Un accès aux soins en dégradation continue
Selon le baromètre FHF, le délai moyen pour obtenir un rendez-vous chez un ophtalmologiste s’élève désormais à 2 mois et 3 semaines. Cette attente interminable a des conséquences directes : près des trois quarts des Français (73 %) déclarent avoir déjà renoncé à au moins un acte de soin au cours des cinq dernières années, une hausse de 10 points par rapport à 2024. Pour 59 % d’entre eux, ces délais excessifs sont la principale cause de renoncement. Cette situation traduit un sentiment général d’inquiétude et de colère, 89 % des sondés estimant que le système de santé court à la catastrophe sans un investissement financier rapide et conséquent. L’étude complète est disponible sur le site de la FHF (https://www.fhf.fr/sites/default/files/2026-03/Ipsos%20bva_FHF_Observatoire%20de%20l%27acc%C3%A8s%20aux%20soins_rapport%20_%20CP.pdf).
Des chiffres qui contredisent les données officielles
Les données du baromètre FHF viennent contredire frontalement les chiffres communiqués il y a quatre mois par le Syndicat National des Ophtalmologistes de France (SNOF), qui annonçait un délai d’attente moyen ramené à seulement 18 jours en 2025. Ce constat alarmant avait déjà été anticipé il y a un an par une étude de LYLEOO, une société spécialisée en téléophtalmologie. Cette dernière révélait que 55 des 96 départements français manquaient d’ophtalmologues, créant de véritables déserts médicaux. Des situations critiques sont observées en Haute-Saône (26 % de couverture des besoins) ou en Lozère (37 %), tandis que la Creuse ne compte que 1,5 ophtalmologiste pour tout le département, face à une trentaine d’opticiens. Les détails de cette analyse sont accessibles via la « Cartographie des inégalités d’accès à l’ophtalmologie en France » (https://lyleoo.com/etude-des-inegalites-acces-ophtalmologie-en-france).

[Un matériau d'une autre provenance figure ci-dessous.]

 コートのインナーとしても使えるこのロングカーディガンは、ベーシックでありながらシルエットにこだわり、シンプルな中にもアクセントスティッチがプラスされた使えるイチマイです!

La téléexpertise, une réponse de proximité
Face à cette fracture sanitaire, la téléexpertise émerge comme une solution concrète. Basée aux portes de Sophia Antipolis (Alpes-Maritimes), LYLEOO (lyleoo.com) a développé un réseau de plus de 1 750 magasins d’optique partenaires, soit près d’un sur huit en France, y compris en Outre-mer. Cette initiative s’appuie sur le maillage territorial unique des opticiens pour offrir un accès rapide à un avis médical. Le réseau, composé à 45 % d’indépendants et 55 % de franchisés, permet de désengorger les cabinets d’ophtalmologistes tout en garantissant une prise en charge rapide pour des millions de Français éloignés des soins visuels.

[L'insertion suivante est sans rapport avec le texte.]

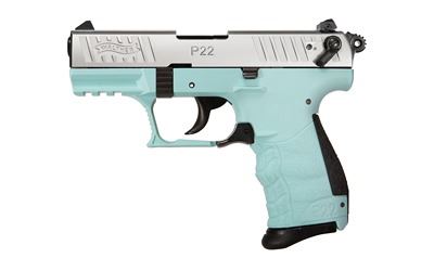 Walther, P22QD, Semi-automatic, Double Action/Single Action, Compact, 22LR, 3.4" Threaded Barrel, Polymer Frame, Angel Blue Grips, 10Rd, 1 Magazine, Adjustable Sights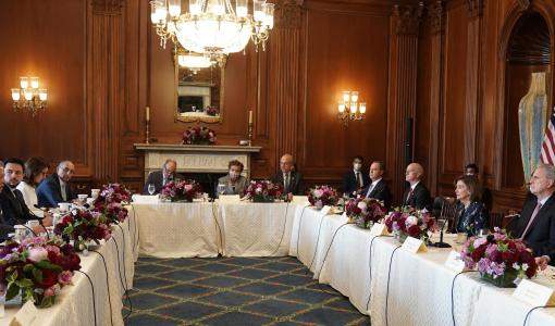 قال الملك عبد الله الثاني في تصريحات مشتركة مع رئيسة مجلس النواب الأمريكي نانسي بيلوسي في مبنى الكابيتول "أنه جاء لواشنطن لكي يرى كيف يمكننا
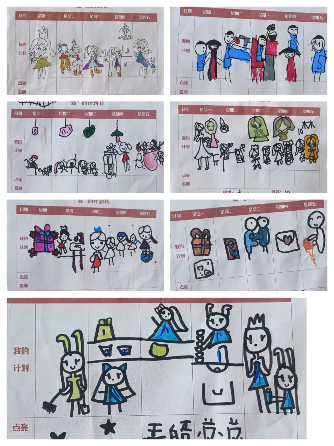 大班教室里热闹非凡,孩子们正在精心制定 “服务女神的一周计划”。“我要帮妈妈洗碗,让她的手不用泡在水里那么久。”“我要给奶奶捶背,奶奶每天照顾我太辛苦了。” 孩子们你一言我一语,认真地讨论着自己的计划。不一会儿,一张张详细的计划便诞生了,从周一到周日,每天都安排得满满当当。回家孩子们一个个变身 “贴心小棉袄”,为家里的女神送上贴心的服务。家长们纷纷拍照记录这些温馨瞬间,享受着这份爱,甜在心里。

Un modèle sécurisé et réglementé
La solution LYLEOO repose sur un protocole de téléexpertise strict, encadré par le décret du 3 juin 2021 et la loi RIST de 2023. Le processus se déroule en trois étapes claires : l’opticien, en tant qu’auxiliaire de santé, collecte les données du patient à l’aide d’équipements de pointe ; l’ophtalmologiste analyse ensuite le dossier à distance via une plateforme sécurisée ; enfin, le patient reçoit un avis médical et, si nécessaire, une prescription pour des lunettes ou des lentilles en moins de 48 heures. Ce modèle garantit une séparation rigoureuse des compétences, l’ophtalmologiste restant le seul décisionnaire médical. L’entreprise insiste sur son exigence éthique et son respect du cadre déontologique, socle de sa légitimité.

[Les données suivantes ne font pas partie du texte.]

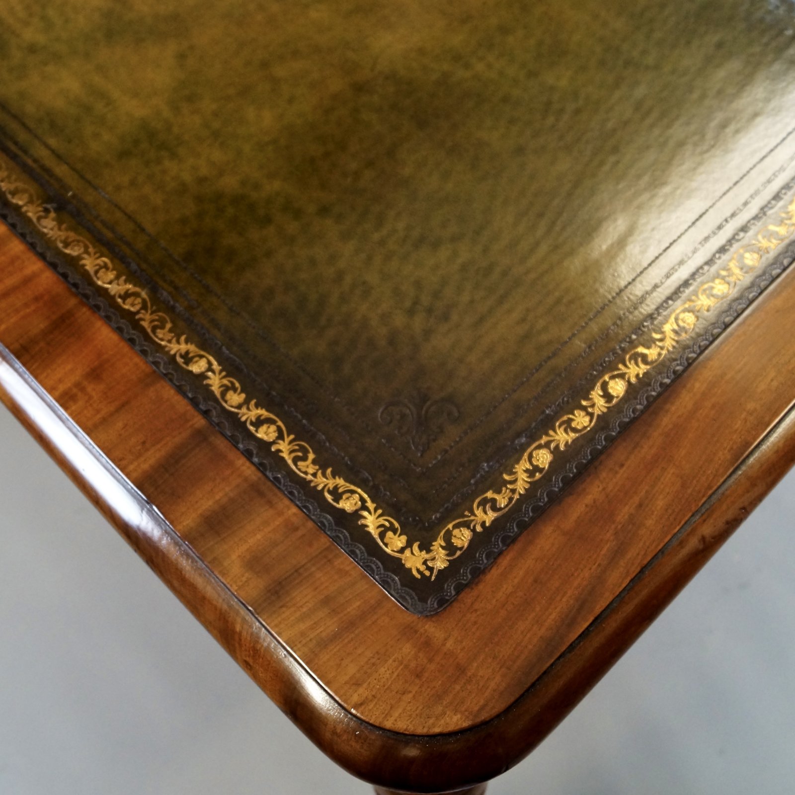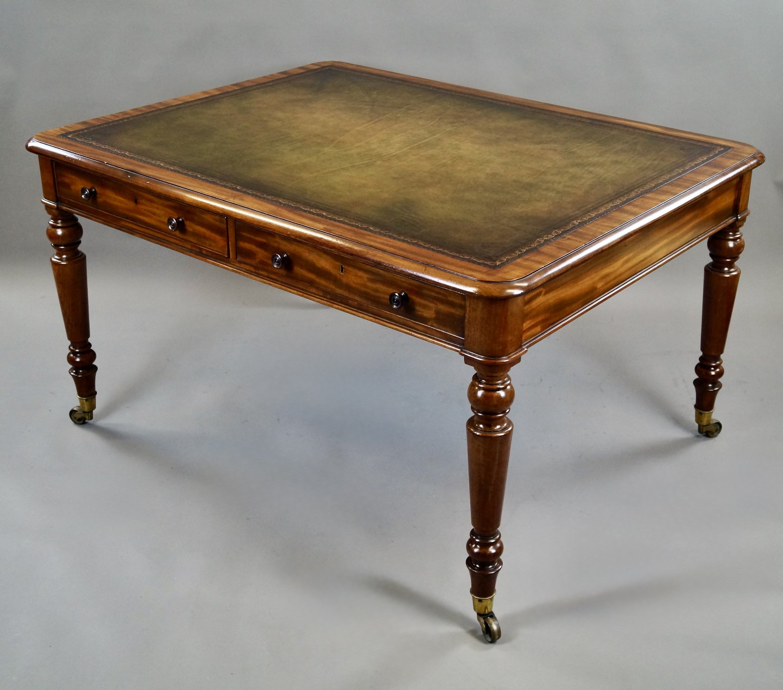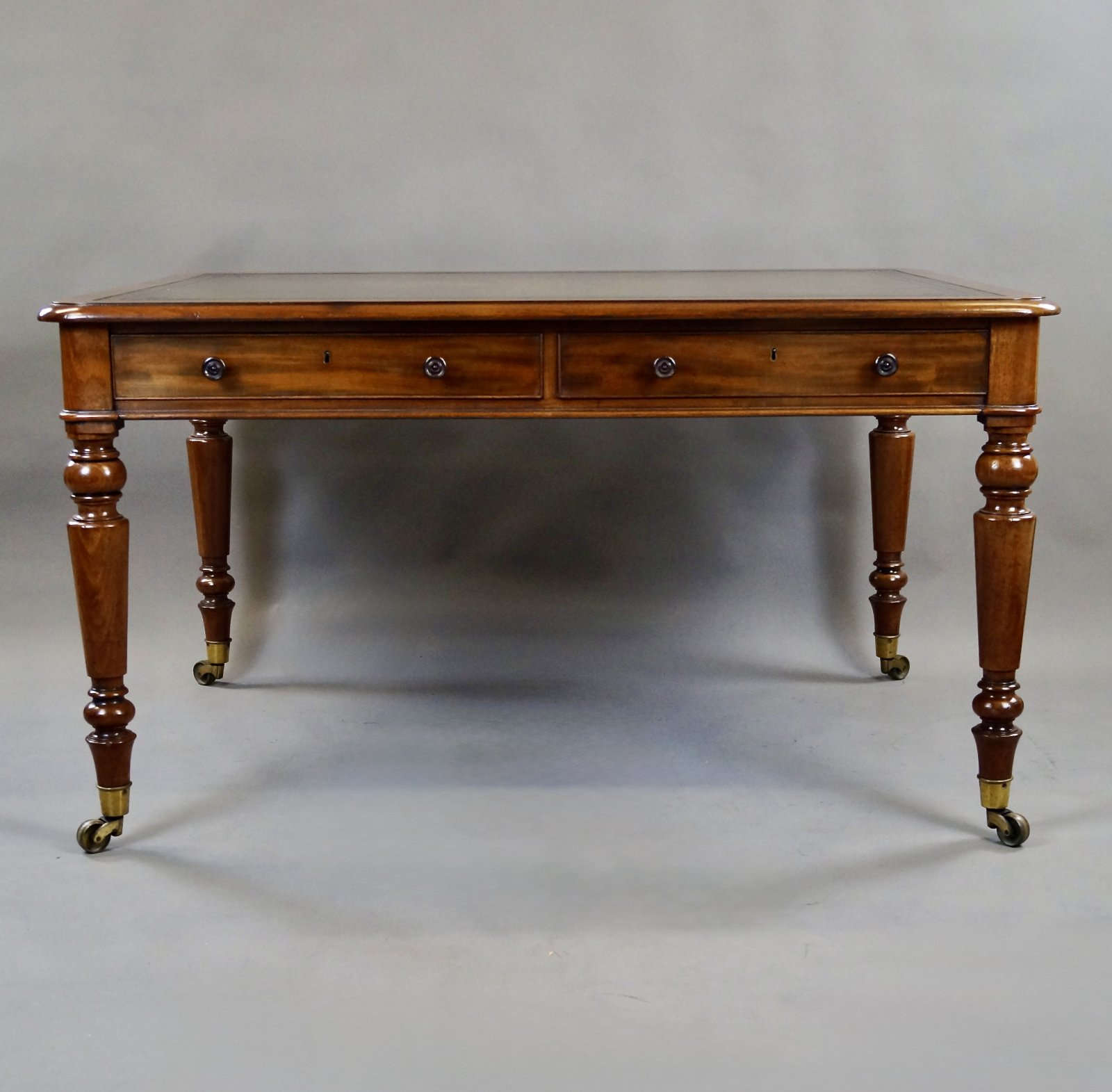 A quality mahogany Partners Writing Table. Raised on turned legs with original brass castors, stamped "Cope Patent" and above two mahogany lined & cock beaded drawers to either side with original turned wooden knobs. The top has a molded and cross banded edge and green leather inset writing surface with gilt and blind tooling. In very good condition and bearing all the hallmarks of Gillows. 760mm high, 1370mm wide and 1070mm deep. English. Circa 1830

Des résultats concrets et des ambitions fortes
L’efficacité du dispositif est déjà mesurable avec plus de 150 000 dossiers analysés à ce jour. Pour les patients, le service, intégralement pris en charge par l’opticien, est gratuit et accessible. Pour le système de santé, l’acte de téléexpertise n’engendre aucun coût pour la Sécurité Sociale. En fluidifiant le parcours de soins, la solution permet aux ophtalmologistes de se concentrer sur les pathologies plus complexes. Forte de son succès, LYLEOO ambitionne d’étendre son réseau à 3 000 opticiens partenaires d’ici la fin de l’année 2026, afin de renforcer encore davantage l’accès à la santé visuelle pour tous.